Бабушка тихо заглядывает в дверь. Видимо, каждая интеллигентная женщина пятидесятых была чем-то похожа на актрису Элину Быстрицкую. И какое счастье, что хоть тебя никто ни во что не перековал... И тебе даже удалось каким-то чудом сохранить старые дореволюционные книги, фотографии на толстом картоне с позолоченными вензелями, фарфоровые сервизы фабрик Кузнецова и Гарднера, иконы в сверкающих окладах, диплом об окончании гимназии, венские стулья и даже фотографию царской семьи на фоне Медного Всадника в Санкт-Петербурге, аккуратно вырезанную из журнала "Нива".

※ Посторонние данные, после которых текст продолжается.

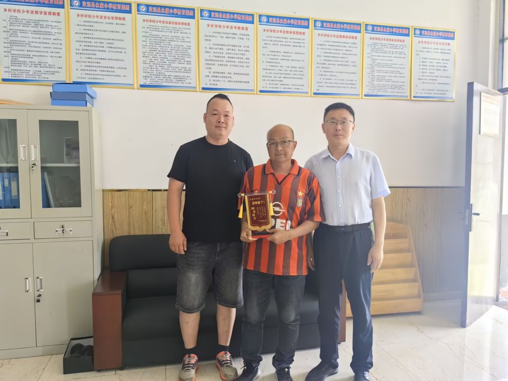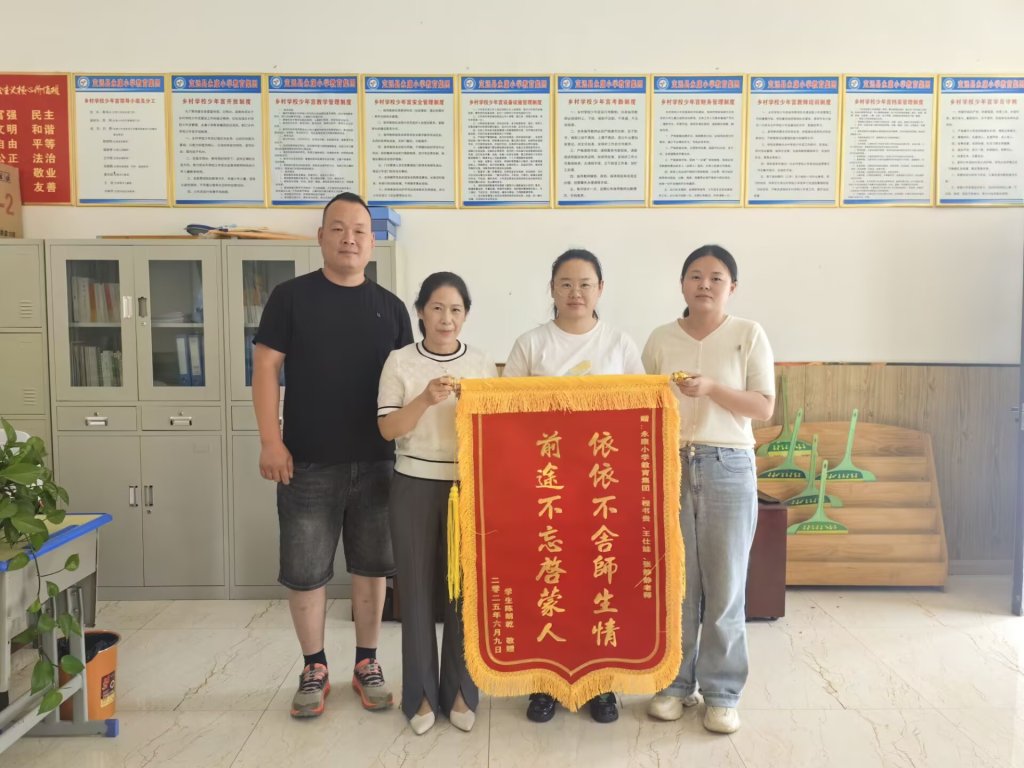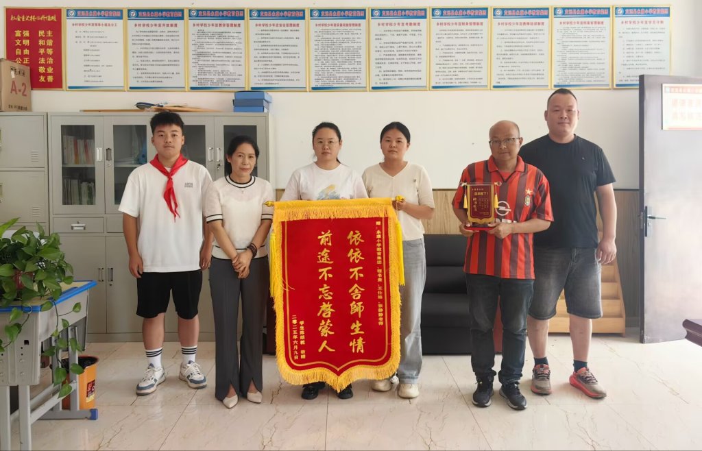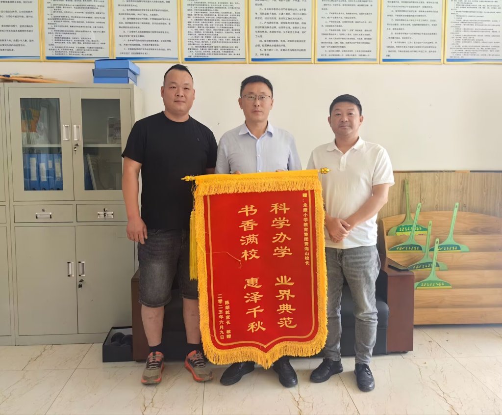 ~ 六月的定远县永康小学,阳光温煦,绿意葱茏,温情与感恩在微风中静静流淌。6月11日下午,六(1)班陈朗乾同学的家长手持三面镌刻着真挚谢意的锦旗走进校园,专程向黄海山校长及班主任和任课教师送上锦旗,致谢学校和老师们的悉心培育与关怀守护。锦旗上“依依不舍师生情 前途不忘启蒙人 ”“科学办学 业界典范 书香满校 惠泽千秋 ”等烫金大字在阳光下熠熠生辉,短短字句承载着家长对黄校长和学校教育工作的高度认可,更饱含着对班主任和全体教师辛勤付出的诚挚谢意。
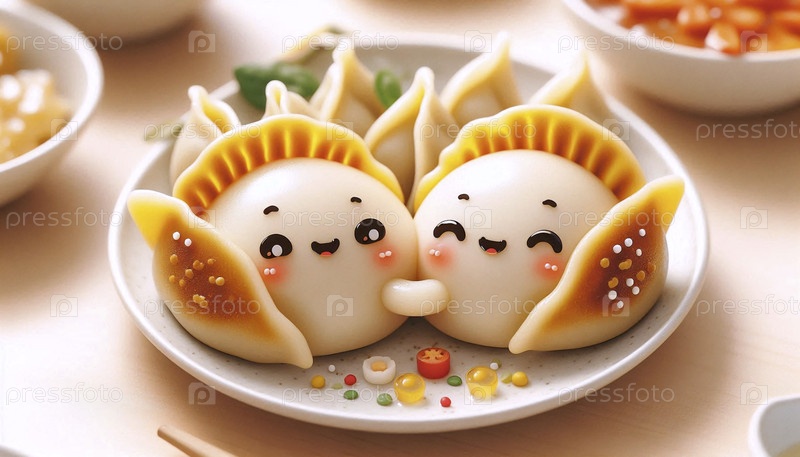 Забавная иллюстрация кавайев, обнимающих блины, Ai generated image
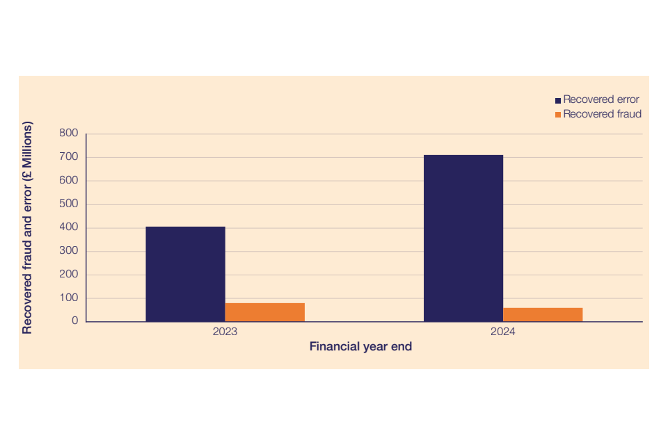 - Recovered fraud decreased by £20m (25%), while recovered error increased by £304m (75%).
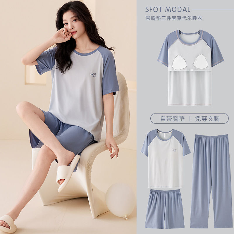 胸パッド付きレディースパジャマ3点セット、外でも着られるモダールゆったりホームウェア、半袖ショーツ、パンツセット

И что-то подобное, несущее эти таинственные ароматы прежних эпох, бывает только в квартирах твоих старых коллег, твоих друзей и подруг... А больше нигде, никогда, ни у кого. И всегда бывало что-то неуловимое и непонятное в ваших разговорах друг с другом: словно вы лишь делаете вид, будто живете в настоящем времени и как-то с ним считаетесь, а все, кто принимает это нестоящее время за чистую монету, лишь очень наивные люди, которых и было принято называть "простыми" в те незапамятные времена...
И что-то в этом есть. Какая-то скрытая, до конца не понятная истина...
Оставляешь отглаженную рубашку и приносишь стакан с водой:
- Выпей. Это из храма. Тебе станет лучше.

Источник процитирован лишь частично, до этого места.